The enemy had declared "no trumps." Rupert played out his ace and king of clubs and cleared the adversary of that suit; then the Sheep, whom the Fates had inflicted on him for a partner, took the third round with the queen of clubs, and, having no other club to lead back, opened another suit. The enemy won the remainder of the tricks--and the rubber.
"I had four more clubs to play; we only wanted the odd trick to win the rubber," said Rupert.
"But I hadn't another club to lead you," exclaimed the Sheep, with his ready, defensive smile.
"It didn't occur to you to throw your queen away on my king and leave me with the command of the suit," said Rupert, with polite bitterness.
"I suppose I ought to have--I wasn't certain what to do. I'm awfully sorry," said the Sheep.
Being awfully and uselessly sorry formed a large part of his occupation in life. If a similar situation had arisen in a subsequent hand he would have blundered just as certainly, and he would have been just as irritatingly apologetic.
Rupert stared gloomily across at him as he sat smiling and fumbling with his cards. Many men who have good brains for business do not possess the rudiments of a card-brain, and Rupert would not have judged and condemned his prospective brother-in-law on the evidence of his bridge play alone. The tragic part of it was that he smiled and fumbled through life just as fatuously and apologetically as he did at the card-table. And behind the defensive smile and the well-worn expressions of regret there shone a scarcely believable but quite obvious self-satisfaction. Every sheep of the pasture probably imagines that in an emergency it could become terrible as an army with banners--one has only to watch how they stamp their feet and stiffen their necks when a minor object of suspicion comes into view and behaves meekly. And probably the majority of human sheep see themselves in imagination taking great parts in the world's more impressive dramas, forming swift, unerring decisions in moments of crisis, cowing mutinies, allaying panics, brave, strong, ******, but, in spite of their natural modesty, always slightly spectacular.
"Why in the name of all that is unnecessary and perverse should Kathleen choose this man for her future husband?" was the question that Rupert asked himself ruefully. There was young Malcolm Athling, as nice-looking, decent, level-headed a fellow as any one could wish to meet, obviously her very devoted admirer, and yet she must throw herself away on this pale-eyed, weak-mouthed embodiment of self-approving ineptitude. If it had been merely Kathleen's own affair Rupert would have shrugged his shoulders and philosophically hoped that she might make the best of an undeniably bad bargain.
But Rupert had no heir; his own boy lay underground somewhere on the Indian frontier, in goodly company. And the property would pass in due curse to Kathleen and Kathleen's husband. The Sheep would live there in the beloved old home, rearing up other little Sheep, fatuous and rabbit-faced and self-satisfied like himself, to dwell in the land and possess it. It was not a soothing prospect.
Towards dusk on the afternoon following the bridge experience Rupert and the Sheep made their way homeward after a day's mixed shooting.
The Sheep's cartridge bag was nearly empty, but his game bag showed no signs of over-crowding. The birds he had shot at had seemed for the most part as impervious to death or damage as the hero of a melodrama. And for each failure to drop his bird he had some explanation or apology ready on his lips. Now he was striding along in front of his host, chattering happily over his shoulder, but obviously on the look-out for some belated rabbit or woodpigeon that might haply be secured as an eleventh-hour addition to his bag. As they passed the edge of a small copse a large bird rose from the ground and flew slowly towards the trees, offering an easy shot to the oncoming sportsmen. The Sheep banged forth with both barrels, and gave an exultant cry.

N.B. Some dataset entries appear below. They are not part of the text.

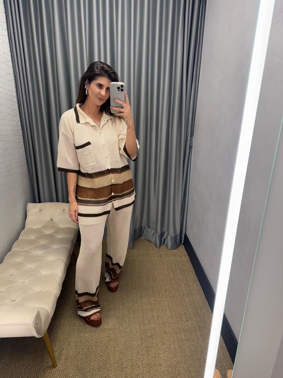 CONJUNTO EDI - CAMISA COM FECHAMENTO EM BOTÕES FORRADOS NA PARTE FRONTAL FORRADA NA PARTE DO BUSTO, COM DETALHES DE LISTRA NA BARRA / CALÇA COS COM ELASTICO E CORDÃO NO COS, COM SHORTS DE FORRO NA PARTE INTERNA DETALHE DE LISTRAS NA BARRA
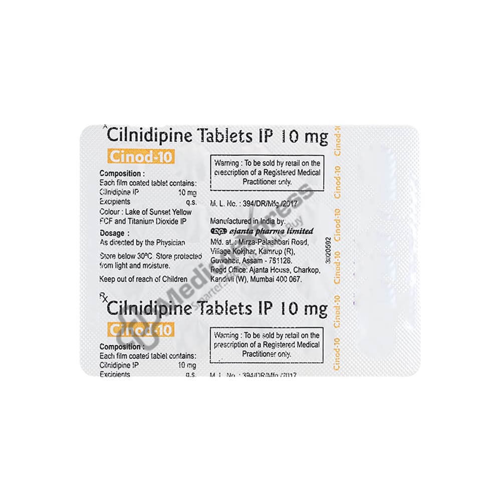 Cinod-10 Tablet 20 contains Cilnidipine, a calcium channel blocker that works by relaxing blood vessels. This reduces the workload on the heart and makes it more efficient at pumping blood throughout the body. As a result, it helps to lower high blood pressure, lowering the risk of a heart attack or stroke.Disclaimer:For More Information Contact Your Physician
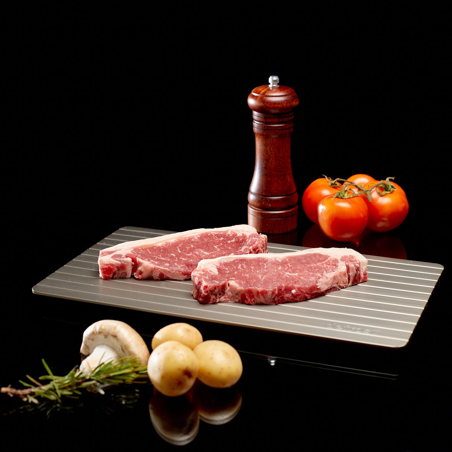 Gracias a la conductividad térmica del aluminio, tus alimentos se descongelan hasta 3 veces más rápido que en cualquier superficie común.
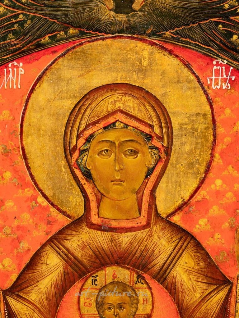 大而优雅的图标,描绘了带有厚重银金外衣的圣母子图标,俄罗斯,19世纪中叶(图标),俄罗斯,莫斯科,亚历山大·阿法纳谢夫,1860年(外衣)。温度在带有方舟的木板上。外衣上有丰富的铸造和浮雕,描绘了葡萄藤卷曲和图案,装饰着多彩的切割宝石。被城市标记。
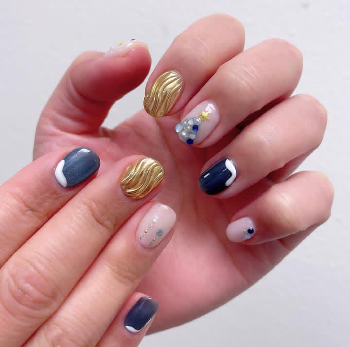 A creative blend of navy, gold, and nude bases decorated with metallic textures, jewels, and star accents. This design feels playful yet chic, perfect for a modern, Christmas holiday look.
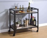 Features: Serving Cart, Storage: Open Compartment, Wine Bottle Steamware Rack, Wooden Top Shelf: Rustic Oak Finish, Metal Frame: Charcoal Finish, Caster Wheels Set Includes: One (1) Serving Cart

"Horray! I've shot a thundering big hawk!"
"To be exact, you've shot a honey-buzzard. That is the hen bird of one of the few pairs of honey-buzzards breeding in the United Kingdom. We've kept them under the strictest preservation for the last four years; every game-keeper and village gun loafer for twenty miles round has been warned and bribed and threatened to respect their sanctity, and egg-snatching agents have been carefully guarded against during the breeding season. Hundreds of lovers of rare birds have delighted in seeing their snap-shotted portraits in Country Life, and now you've reduced the hen bird to a lump of broken feathers."

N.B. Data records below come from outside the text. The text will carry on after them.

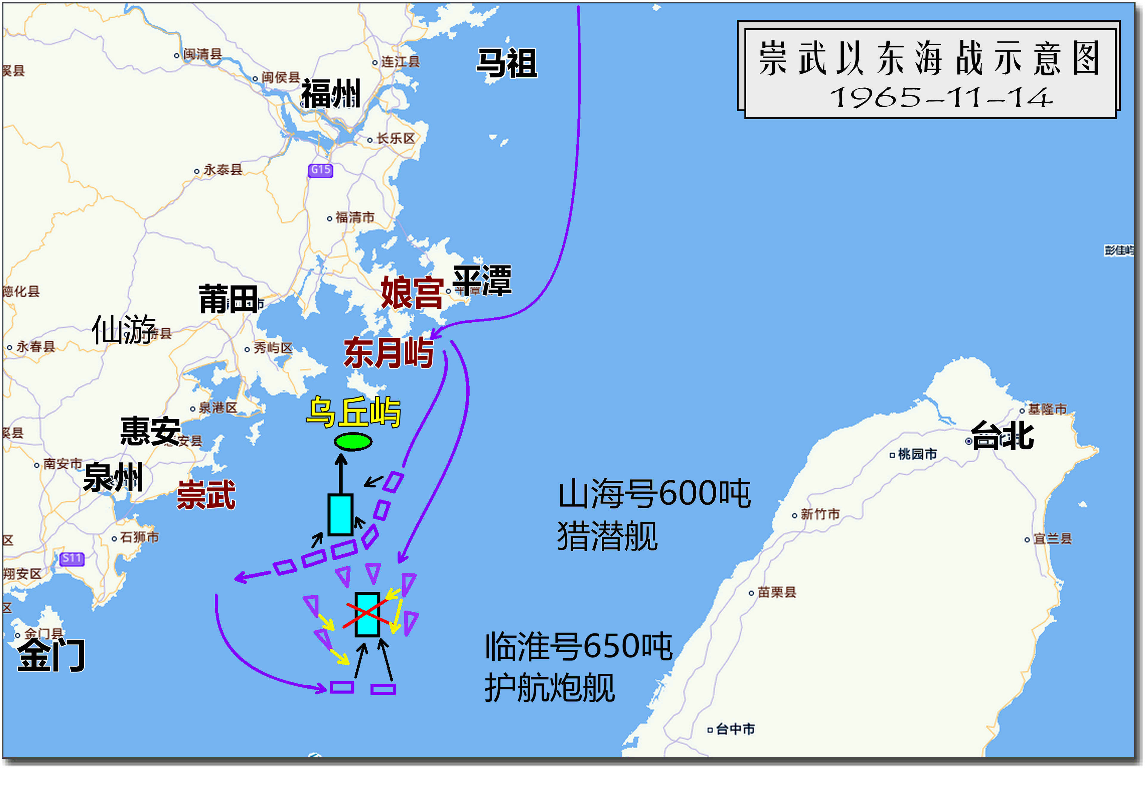 1965年11月13日中午,國民黨海軍巡防第2艦隊臨淮號(原名永昌)號護航炮艦和山海號(原名永泰)獵潛艦由澎湖出航,企圖襲擾福建省沿海一帶。
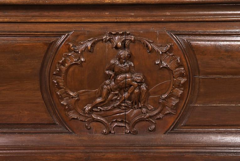 chêne (?) : décor en relief, décor dans la masse ; marbre
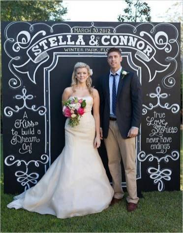 д) очень популярны печатные баннеры, имитирующие доску с текстом, написанным мелом. Хотя некоторые пары действительно умудряются установить на свадьбе меловую доску.

Rupert spoke quietly and evenly, but for a moment or two a gleam of positive hatred shone in his eyes.
"I say, I'm so sorry," said the Sheep, with his apologetic smile.
"Of course I remember hearing about the buzzards, but somehow I didn't connect this bird with them. And it was such an east shot--"
"Yes," said Rupert; "that was the trouble."
Kathleen found him in the gun-room smoothing out the feathers of the dead bird. She had already been told of the catastrophe.
"What a horrid misfortune," she said sympathetically.
"It was my dear Robbie who first discovered them, the last time he was home on leave. Don't you remember how excited he was about them? Let's go and have some tea."